▶ Input data
=== Begin Enclosure ===

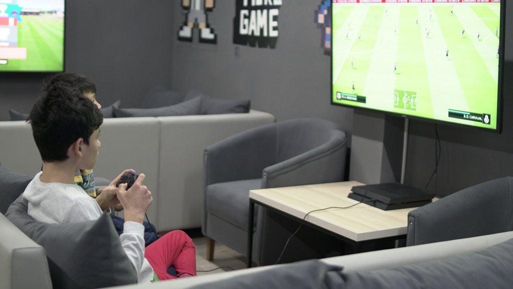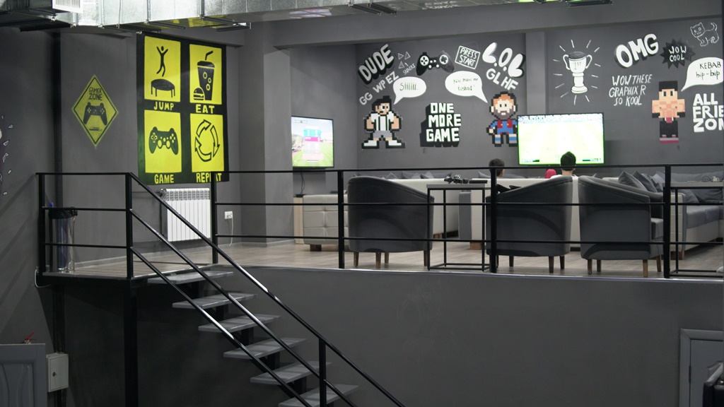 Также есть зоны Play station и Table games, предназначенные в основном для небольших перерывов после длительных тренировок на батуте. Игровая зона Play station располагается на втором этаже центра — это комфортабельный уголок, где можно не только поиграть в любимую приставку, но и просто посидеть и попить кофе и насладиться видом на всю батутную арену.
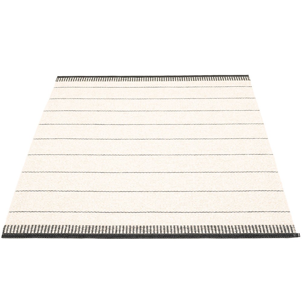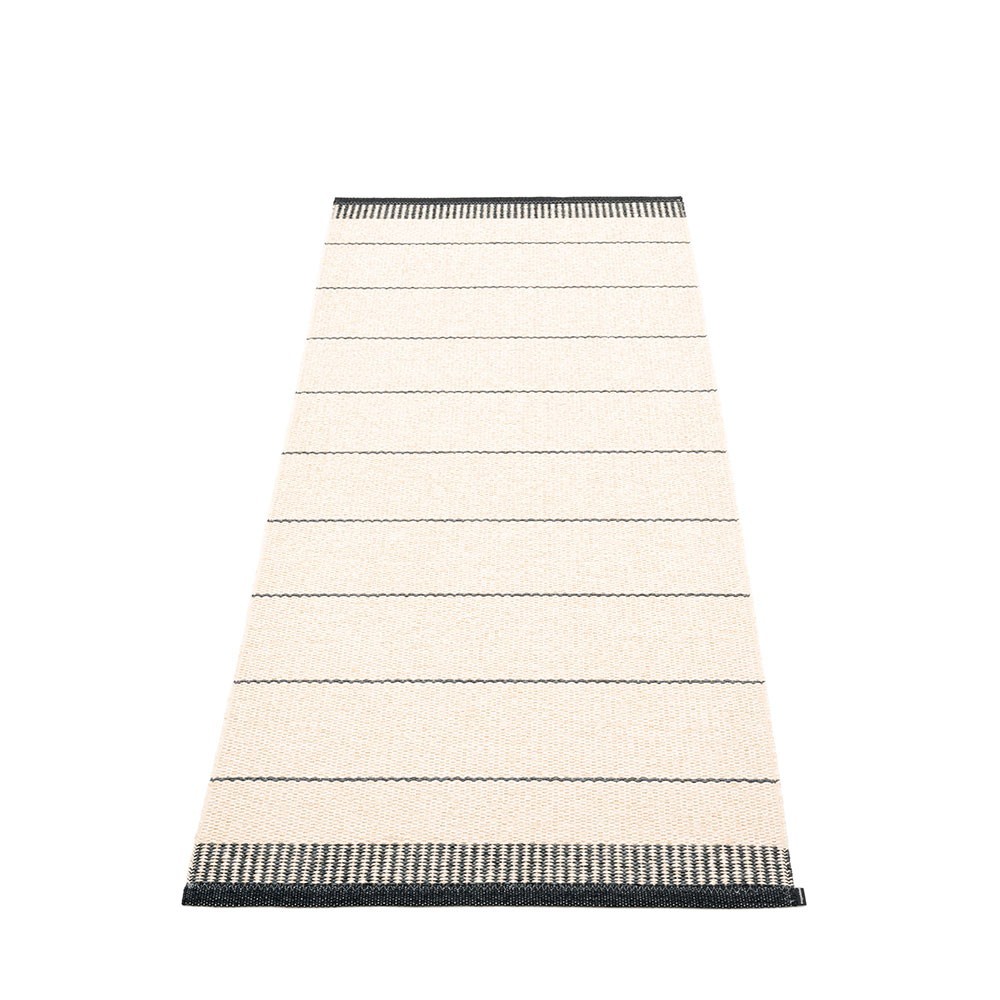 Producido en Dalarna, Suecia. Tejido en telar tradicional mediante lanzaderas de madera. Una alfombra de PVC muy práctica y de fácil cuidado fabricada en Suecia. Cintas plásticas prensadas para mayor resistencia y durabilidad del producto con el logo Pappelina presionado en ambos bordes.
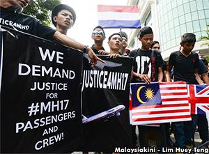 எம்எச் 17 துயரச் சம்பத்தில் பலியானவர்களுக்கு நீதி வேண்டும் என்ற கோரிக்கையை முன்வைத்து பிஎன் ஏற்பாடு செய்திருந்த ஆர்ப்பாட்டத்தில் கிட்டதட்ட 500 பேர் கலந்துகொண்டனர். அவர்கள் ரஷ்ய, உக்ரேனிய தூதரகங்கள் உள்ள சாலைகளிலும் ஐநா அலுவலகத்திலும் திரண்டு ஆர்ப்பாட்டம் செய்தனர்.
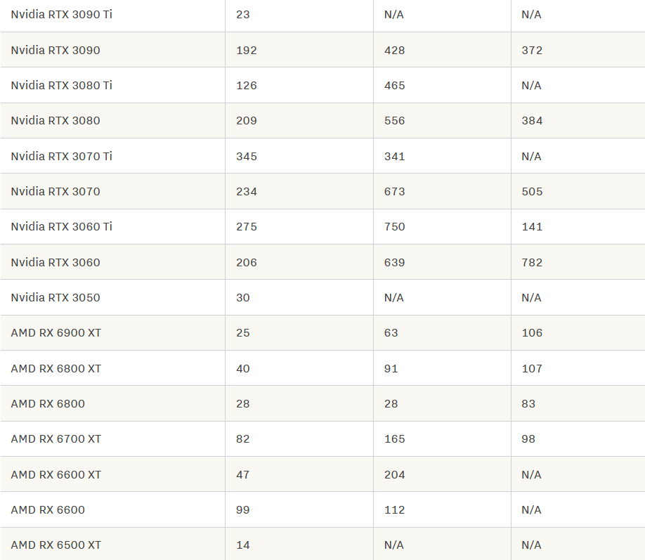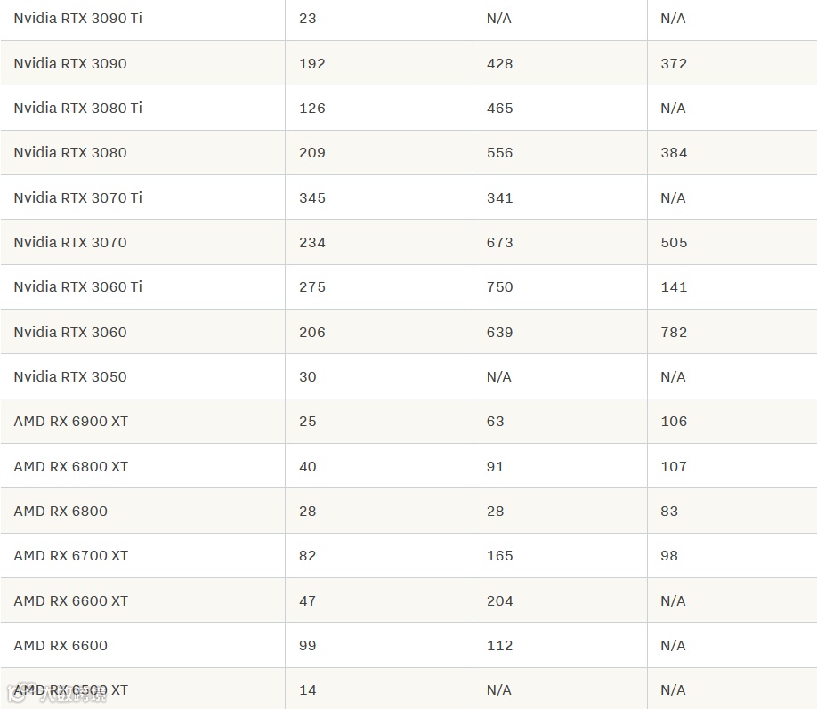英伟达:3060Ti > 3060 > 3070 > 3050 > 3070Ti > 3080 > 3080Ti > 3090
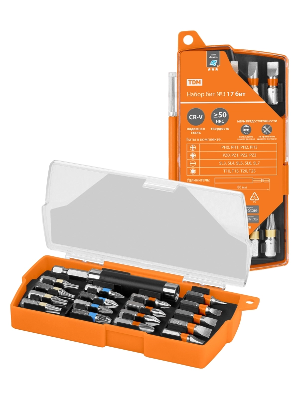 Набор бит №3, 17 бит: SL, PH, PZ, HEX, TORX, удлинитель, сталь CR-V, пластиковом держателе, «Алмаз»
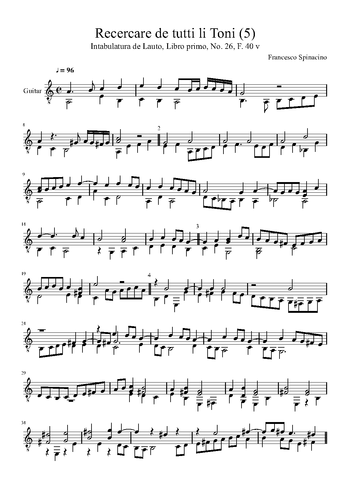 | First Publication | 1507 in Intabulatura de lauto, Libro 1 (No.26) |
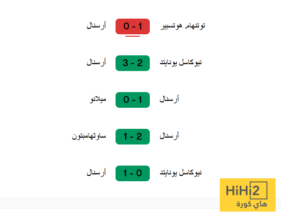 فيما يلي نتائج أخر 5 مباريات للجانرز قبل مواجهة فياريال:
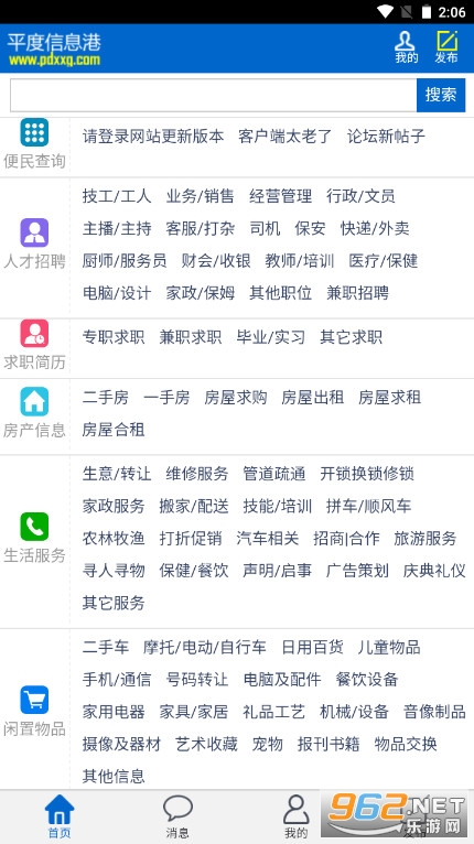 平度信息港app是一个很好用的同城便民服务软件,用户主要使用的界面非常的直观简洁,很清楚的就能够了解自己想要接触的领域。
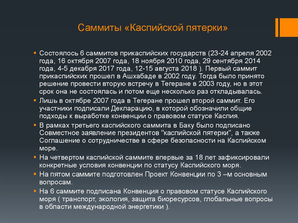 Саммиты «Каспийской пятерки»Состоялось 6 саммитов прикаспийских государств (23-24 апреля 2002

=== End Enclosure ===
=== Begin Enclosure ===

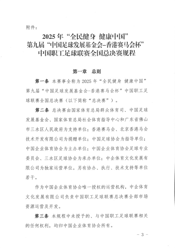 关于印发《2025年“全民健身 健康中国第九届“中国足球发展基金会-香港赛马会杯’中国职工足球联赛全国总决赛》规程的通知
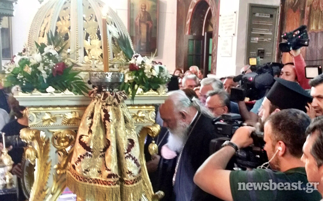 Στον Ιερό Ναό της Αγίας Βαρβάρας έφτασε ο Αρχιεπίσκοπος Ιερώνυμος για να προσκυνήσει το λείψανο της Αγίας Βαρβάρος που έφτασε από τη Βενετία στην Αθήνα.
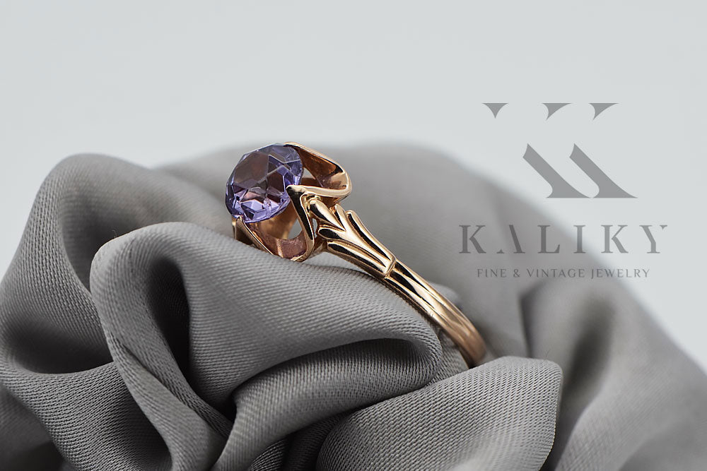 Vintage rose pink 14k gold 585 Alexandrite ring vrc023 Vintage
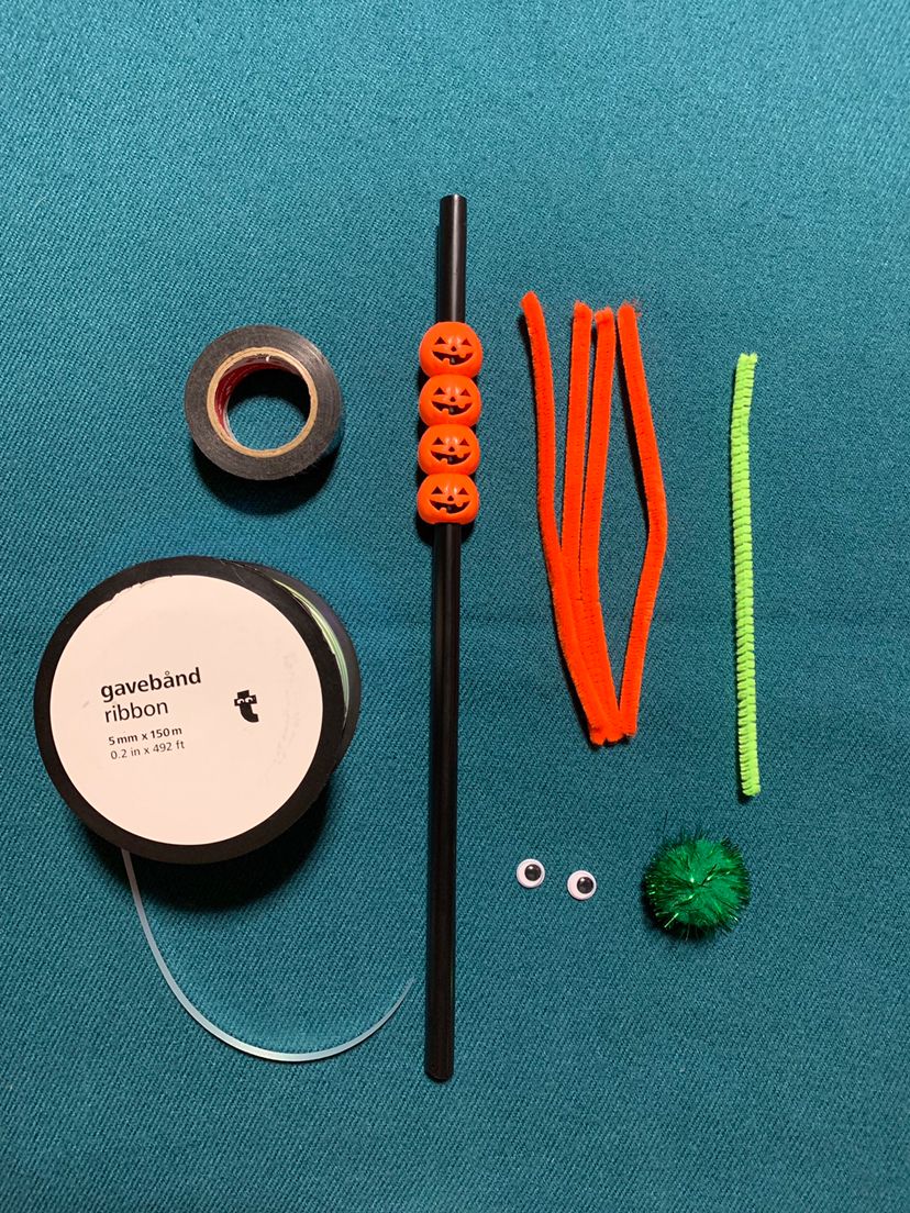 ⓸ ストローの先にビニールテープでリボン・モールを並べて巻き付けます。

=== End Enclosure ===
=== Begin Enclosure ===

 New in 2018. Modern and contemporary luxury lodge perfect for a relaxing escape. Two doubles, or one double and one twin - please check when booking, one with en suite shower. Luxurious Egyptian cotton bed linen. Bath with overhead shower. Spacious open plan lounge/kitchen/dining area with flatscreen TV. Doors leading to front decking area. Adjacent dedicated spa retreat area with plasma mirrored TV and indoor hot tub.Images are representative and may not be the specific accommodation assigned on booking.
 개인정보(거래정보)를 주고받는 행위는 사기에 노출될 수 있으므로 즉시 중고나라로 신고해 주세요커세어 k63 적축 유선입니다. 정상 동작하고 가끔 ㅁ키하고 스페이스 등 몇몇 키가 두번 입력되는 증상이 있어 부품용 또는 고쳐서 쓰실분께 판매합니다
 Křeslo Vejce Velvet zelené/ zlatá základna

=== End Enclosure ===

▶ What to work on
Please copy the lines above exactly, starting at the line that holds "1 (No.26) |" and ending at the line that holds "(23-24 апреля 2002"; include both, but no pictures.

▶ Solution
 | First Publication | 1507 in Intabulatura de lauto, Libro 1 (No.26) |
 فيما يلي نتائج أخر 5 مباريات للجانرز قبل مواجهة فياريال:
 平度信息港app是一个很好用的同城便民服务软件,用户主要使用的界面非常的直观简洁,很清楚的就能够了解自己想要接触的领域。
 Саммиты «Каспийской пятерки»Состоялось 6 саммитов прикаспийских государств (23-24 апреля 2002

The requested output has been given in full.